Он невольно качнулся ко мне, словно хотел заключить в объятья или поцеловать, но я инстинктивно сделала шаг назад. На секунду передо мной мелькнуло лицо Кости, его лениво-сонный взгляд, в глубине которого таилось нечто опасно-запретное, запредельное. Но я усилием воли прогнала это видение. Он отнесся ко мне, как к провинциалке – помани пальчиком, и она упадет спелой грушей в мои объятья, думал он. Когда я сказала ему «нет», на его лице была написана явная досада. Что ж! Это не повод сокрушаться о том, чего не было. По моим губам скользнула улыбка.
– Ты чего улыбаешься? – Кирилл Андреевич потряс меня за плечи.
– Просто так.
– Вид у тебя еще тот, заговорщический.
Я натянуто рассмеялась.
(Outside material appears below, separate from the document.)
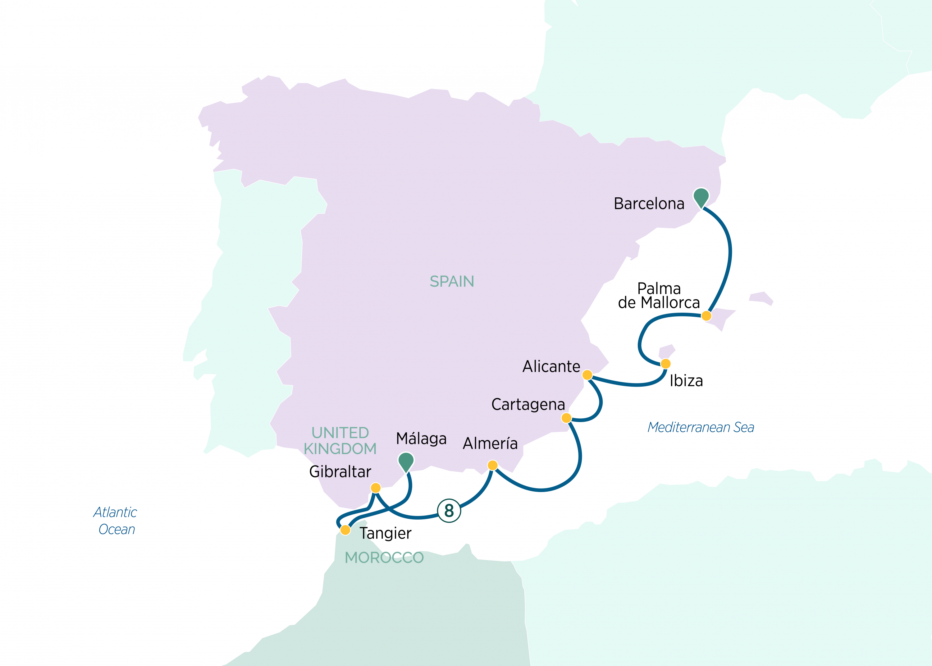 Enjoy a morning sail across the Strait of Gibraltar to Tangier. Europe's gateway to Africa for centuries, Tangier welcomes you with a blend of exotic cultures and influences unique to Morocco. The diversity of the bustling local crowds, the fragrances of spices in the colourful markets and the murmurs of the sea and – it’s a feast of sensations that stuns the senses.

Похоже, я жила в мире выдуманных иллюзий, от которых мне надо было срочно избавляться.
– А где Ася?
– Я попросил Веронику Николаевну забрать ее. Разве ты не слышала, как они уходили?
– Я слышала звук хлопнувшей двери – и все. Я сидела в комнате и смотрела телевизор.
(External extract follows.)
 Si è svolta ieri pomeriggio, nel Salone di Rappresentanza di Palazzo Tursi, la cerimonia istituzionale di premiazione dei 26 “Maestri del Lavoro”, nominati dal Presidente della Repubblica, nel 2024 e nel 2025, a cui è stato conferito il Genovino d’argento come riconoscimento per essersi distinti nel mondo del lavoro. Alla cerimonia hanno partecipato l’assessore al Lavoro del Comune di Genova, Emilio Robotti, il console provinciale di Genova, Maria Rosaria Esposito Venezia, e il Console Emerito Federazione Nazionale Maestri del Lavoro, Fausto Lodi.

Он по-прежнему смотрел на меня: внимательно, испытующе.
– Так ты… не хочешь? – понизил он голос.
Я отрицательно покачала головой.
– Нет, – и повернулась к нему спиной.
– Спокойной ночи! – крикнул он мне вдогонку.
Но я ничего не ответила.
Дмитриеву был нужен секс на одну ночь, а мне – нет. В данный момент мне вообще ничего не было нужно. Кроме Эвы… Вот ради нее я была готова на все. И еще…
Я вспомнила насмешливые светло-зеленые глаза Кости и закусила губу. И долго я буду помнить его?
Я ворочалась в кровати, сон не шел ко мне. Наконец, я встала, оделась и пошла на кухню. Я налила в стакан воды и залпом ее выпила.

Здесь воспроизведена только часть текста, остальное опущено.